Secondly, most girls are NOT found "gushing" with non-Muslim guys, but yes there are those few who do. Perhaps they are able to freely communicate and interact with those guys because um...they won't turn around with a box of gelebis and ask "Ohh Sister, will you marry me?!!" (even though you guys sooo don't match).
If someone is going to write this way, at least have the courage to stand by it and put your name by it. I suspect they wouldn't for it might hurt their marriage prospects.
Very funny piece! Can we have a Sisters version?
With all due respect, it seems to me that the bigger picture is that our community is in a state of crisis. This is why conventions like the UMMA convention are mostly networking events because people are beginning to realize that the old methods of getting people married just aren't working anymore and no one really knows how to move forward. It seems to me that you can be very lighthearted about this because you are probably still pretty young and idealistic (let me guess, early 20s?), have a regular supply of rishtas coming in and haven't really witnessed all the casualties that accumulate as time passes.
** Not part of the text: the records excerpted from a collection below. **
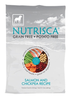 NUTRISCA Salmon & Chickpea Recipe is made with simple, real food ingredients. Thoughtfully crafted with real salmon as the number one ingredient, Nutrisca Salmon & Chickpea recipe is balanced with peas, chickpeas and real fruits and vegetables. It's formulated with antioxidant nutrients and omega fatty acids to help support your dog's health and well-being. Every recipe is free of grains, potatoes, corn, wheat, soy, artificial colors, artificial flavors and artificial preservatives.Key Benefits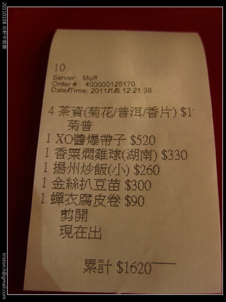 揚州炒飯,粒粒分明,上面還有小撮干貝絲。看來簡單的東西其實最看的出工夫了,雖然粒粒分明,但吃起來卻不覺得乾澀,吃了以後也沒有口乾舌燥的"味精"味。每次全家來都會點這道,即使沒吃完也會包走的美食。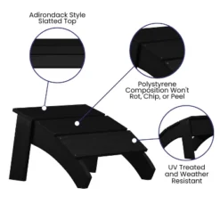 Flash Furniture Sawyer Modern All-Weather Poly Resin Wood Adirondack Ottoman Foot Rest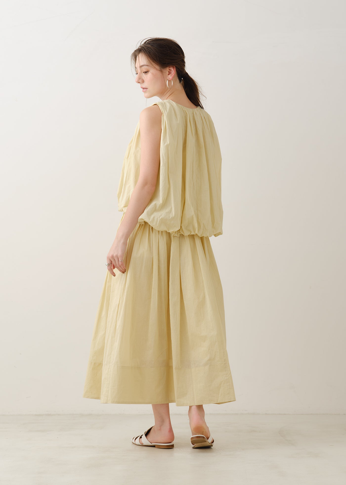 そこから広がるスカートは、薄手のコットンオーガンジーならではの透け感と柔らかさ。
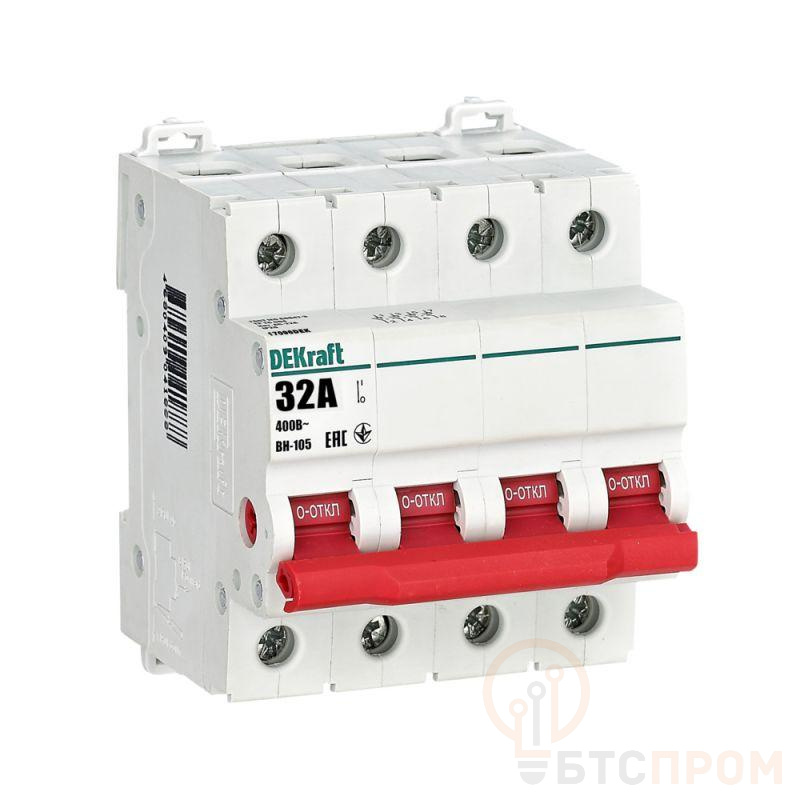 Выключатель-разъединитель серии ВН-105 Dekraft, 4-полюсный; номинальный ток 32 А, установка – на 35мм DIN-рейку, установочное положение - любое, с красной рукояткой управления. Высокие характеристики механической и электрической износостойкости. Категория применения AC-22A. Применяется для ручного включения/отключения сетей напряжением 400 В AC. Специальные мостиковые контакты обеспечивают надежный разрыв цепи; они полностью исключают возможность перекрытия дугой по изоляции.

To me these categories that you described encourage a type of judgmentalism rather than empathy. Let's face it, there are a lot of assumptions made by each gender about the other, that often stand in the way of mutual understanding. You might say, well we are awaiting the sister's version, but you are missing the point. I'm not after equality in misunderstandin g, it's about providing a forum for bro's and sis's to share and understand each other so that we can support each other in the struggles we each face.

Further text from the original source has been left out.